Safi et al.  4 prospectively evaluated and reported combined CSFD and DAP using atriofemoral bypass in 45 consecutive patients with high-risk type I and II TAAAs. In this series, CSFD was used to reduce CSFPs to less than 15 mmHg. Two patients awoke with paraplegia (one had an intraoperative cardiac arrest), and two patients developed delayed paralysis. The range of CSF drained was 5 to 80 ml intraoperatively and 0 to 698 ml postoperatively. Median aortic cross-clamp time was 42 min, and pump time ranged from 12 to 87 min. The incidence of paraplegia (two early and two delayed) in this group was then compared with a historical control group of 112 patients from their center, of whom 26% had DAP. Another cohort of 98 randomized patients from a previous study at their center 1 was originally chosen for the control group, but because of their significantly higher incidence of neurologic deficit (32%), they decided to use the more recent cohort of 112 patients. However, this more recent cohort had a similar incidence of neurologic deficit (31%); therefore, it is unclear what their rationale was in their criteria for selecting the control group. It is methodologically unsound to chose a control group post hoc  in this fashion. These data were therefore presented as a case series.

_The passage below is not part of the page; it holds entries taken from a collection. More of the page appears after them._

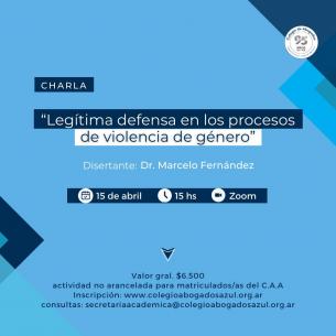 Charla: Legítima defensa en los procesos de violencia de géneroEl 15 de abril el Dr. Marcelo Fernández expondrá frente a las y los matriculados del Colegio sobre legítima defensa en los procesos de violencia de género. La charla se realizará en modalidad virtual a partir de las 15 hs. LEER MÁS |
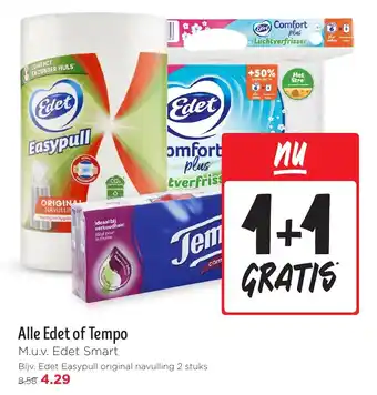 Jumbo biedt naast de Alle Edet of Tempo een ruime collectie producten aan. Houd de wekelijkse Jumbo folder in de gaten om de beste aanbiedingen en acties te vinden. Naast Alle Edet of Tempo, kunt u ook de volgende aanbiedingen vinden: Edet of tempo, Tempo en Edet & Demak'Up, Edet en Tempo.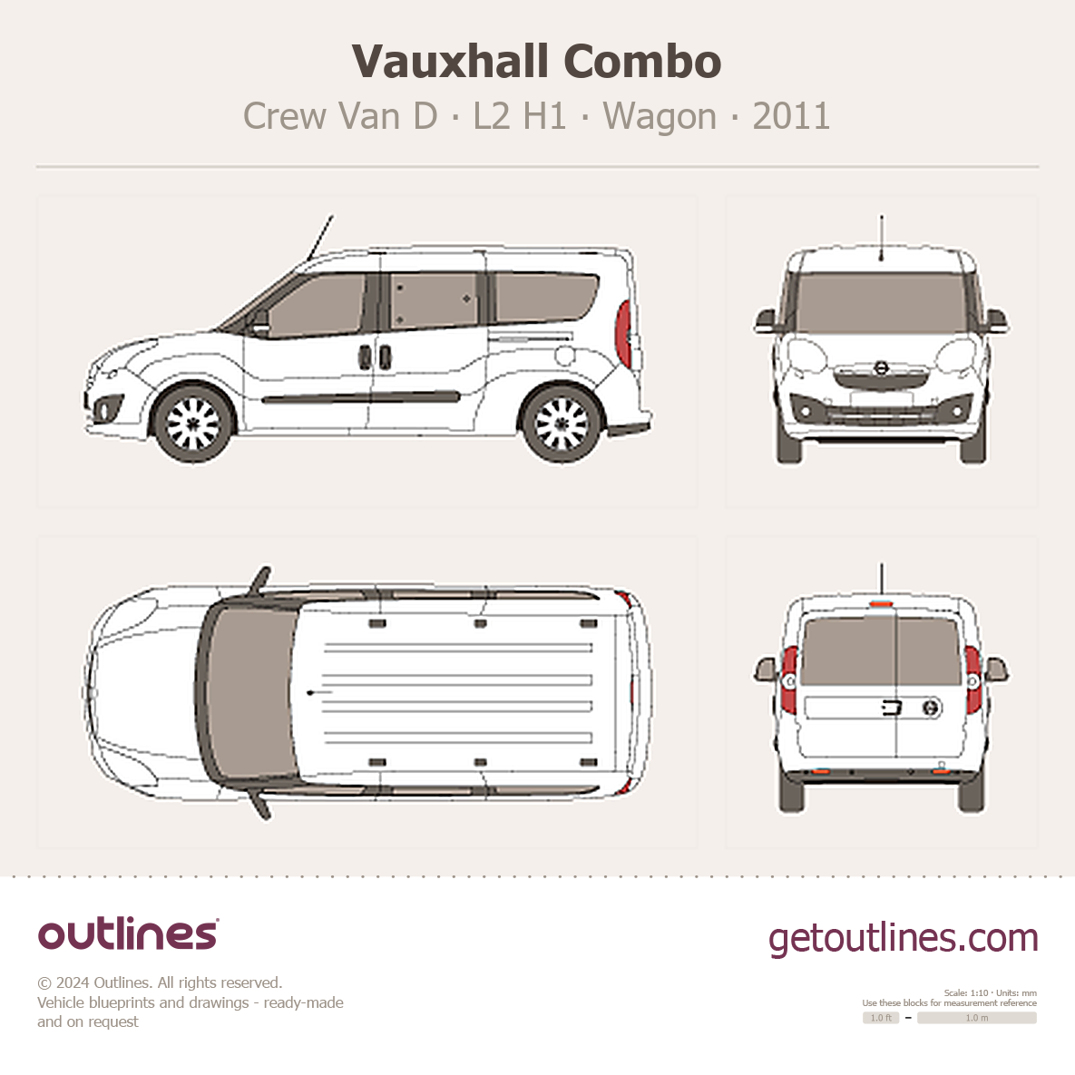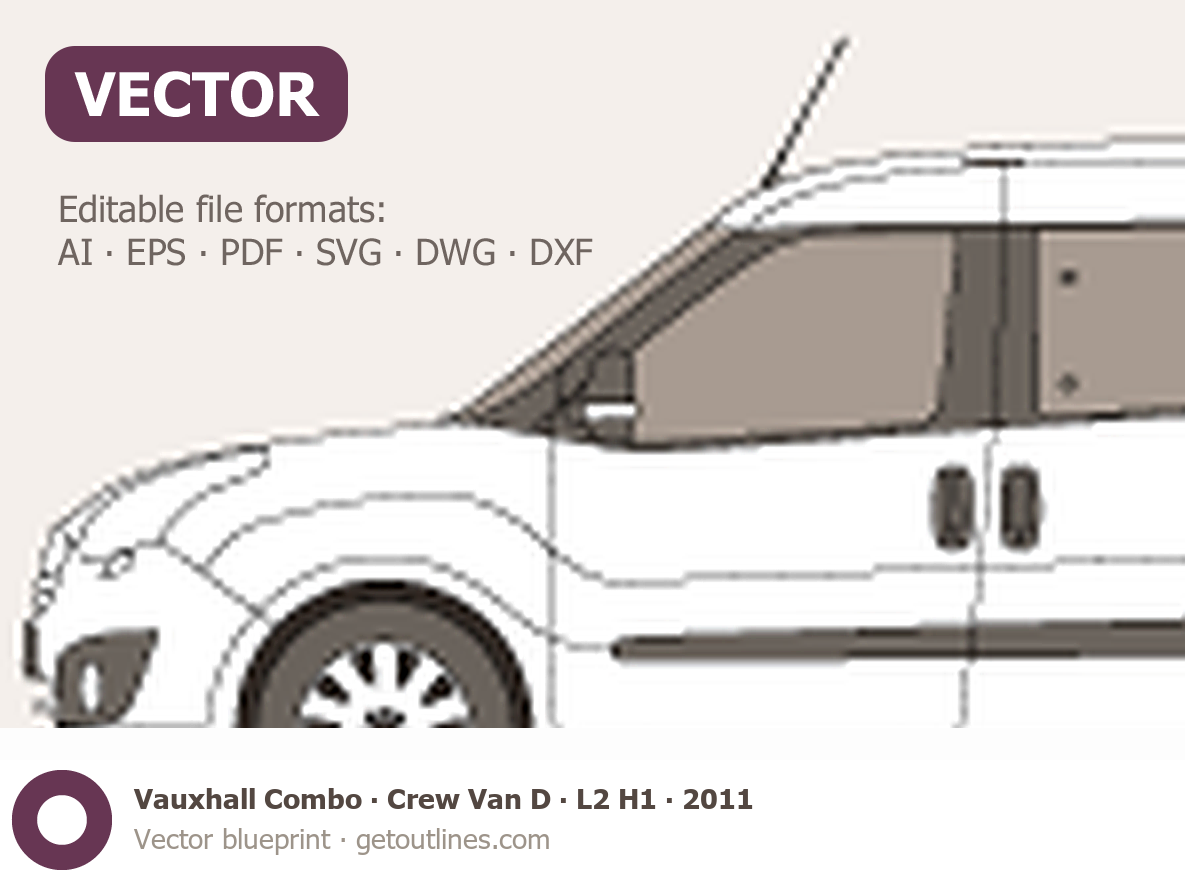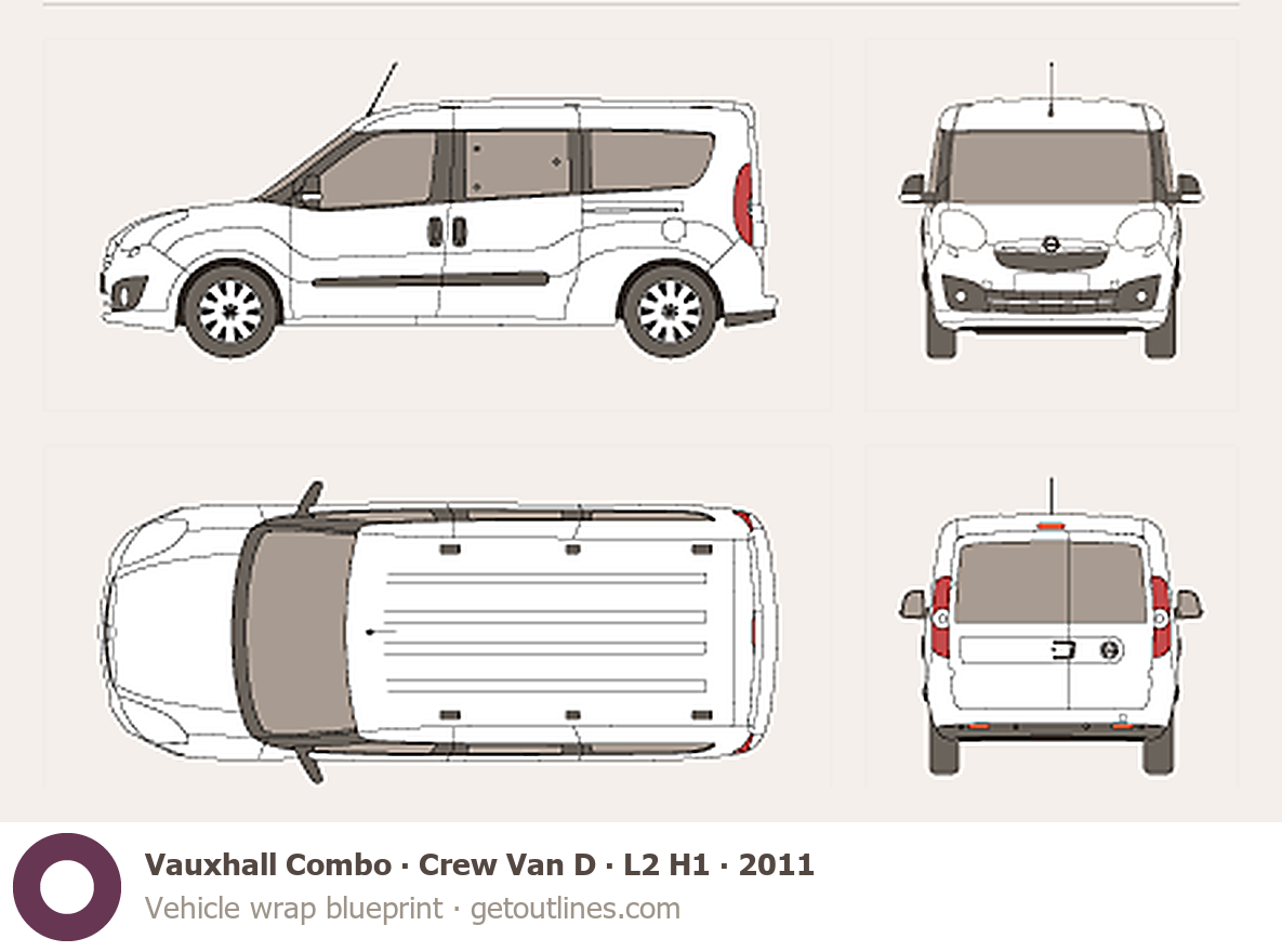 This 2011 Vauxhall Combo Crew Van D L2 H1 Wagon blueprint helps designers, wrap studios, and 3D artists simplify their workflow and save valuable time for creative work instead of routine tasks.

Svensson et al.  8 retrospectively reported a case series of 11 patients who underwent TA or TAAA surgery. CSFD was used to withdraw 20 ml of CSF when the pleural cavity was opened. Before aortic cross-clamping, intrathecal papaverine was instilled via the CSF drainage catheter. CSF was allowed to drain freely during the period of aortic cross-clamping. Unfortunately, this protocol changed during the series, and the total volume of CSF removed was limited to 50 ml in later patients. The change in CSFD protocol is similar to that described in their previous study. 16 There were no instances of postoperative paraplegia, but one patient developed delayed paraparesis.

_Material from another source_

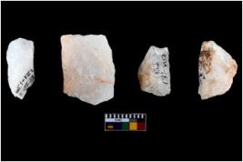| Description / विवरण | A specimen of a fluted core having several broad fluted marks indicating the detached blades from it. |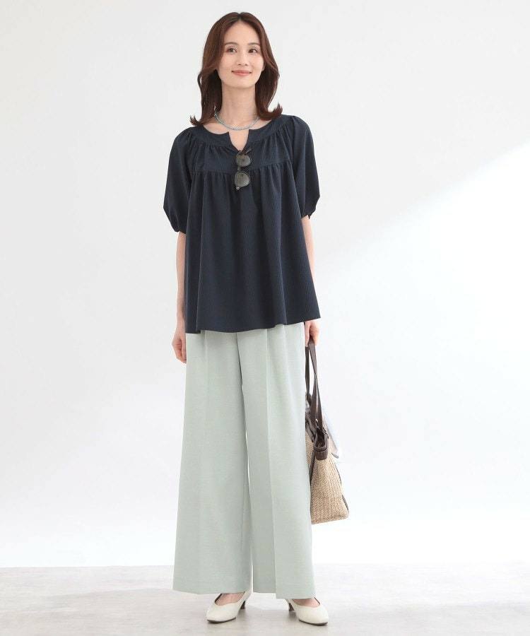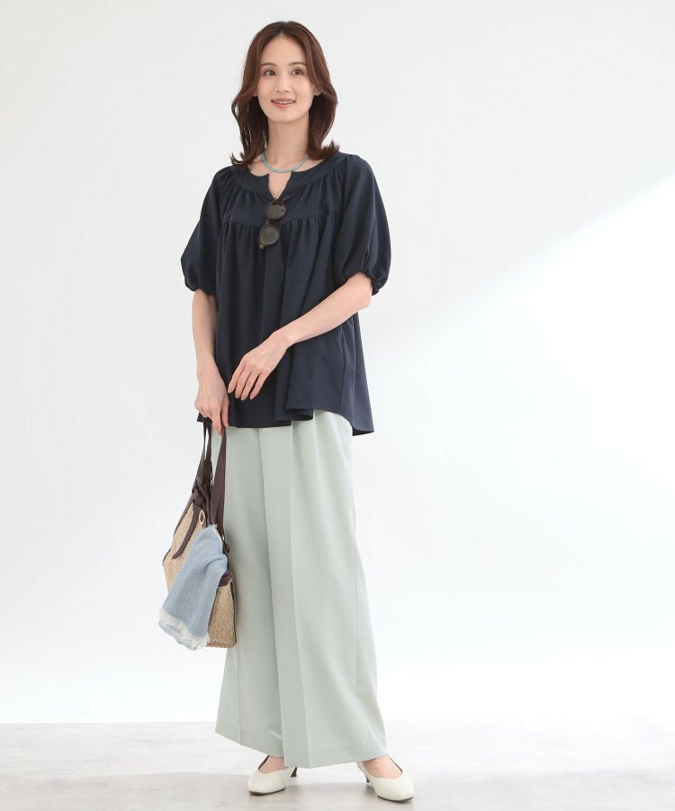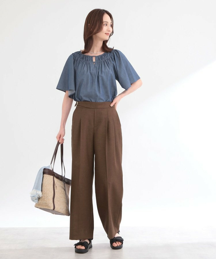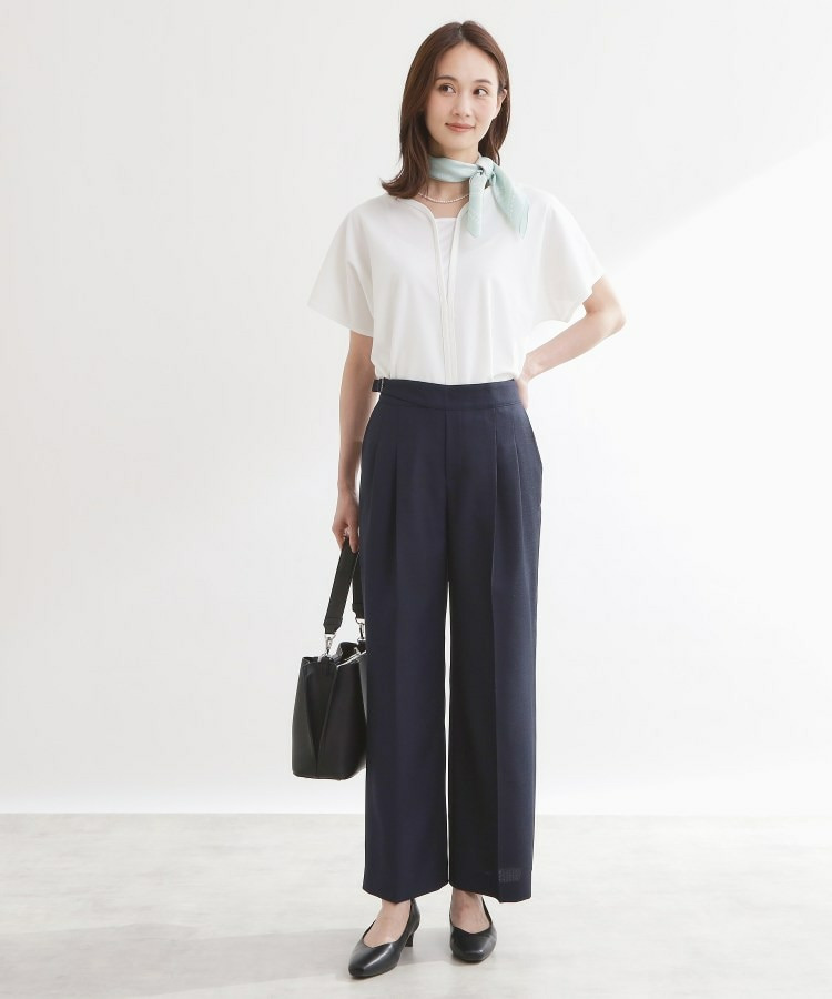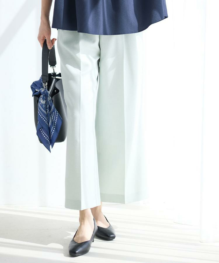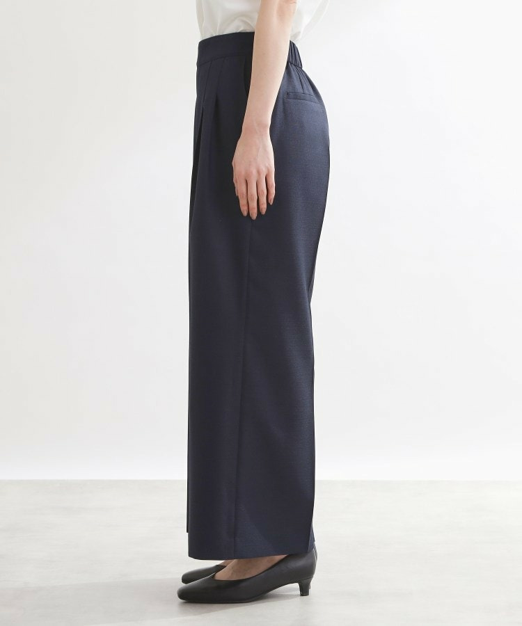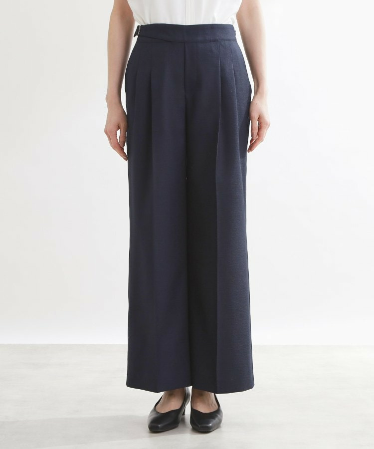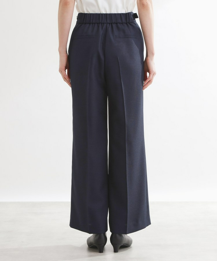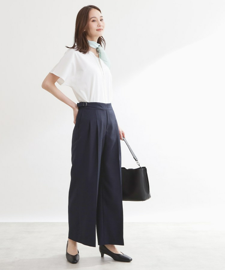 ワイドパンツになりますが、前後にセンタープレスを入れているので、きれいめ通勤スタイルにも活躍する一枚です。

Safi et al.  24 reported in 1996 another case series of 94 patients with type I and II TAAA treated with CSFD and DAP. However, this series included the data from the 45 patients previously published in 1994. 4 Approximately one half of the patients had CSF pressures maintained at 10 to 15 mmHg, whereas the remaining had CSF pressures maintained at less than 10 mmHg. Eight of the 94 patients developed paraplegia or paraparesis postoperatively (five early and three delayed). The authors compared their results with those of a control group of 42 patients who did not receive CSFD or DAP; however, it is not stated whether the control group represents a consecutive historical cohort or these patients were chosen randomly. Additionally, the control group is described in the abstract as consisting of type I and II TAAAs, but in the manuscript as type I and III TAAAs. If the latter is true, the groups differ and have dissimilar risks for developing neurologic complications.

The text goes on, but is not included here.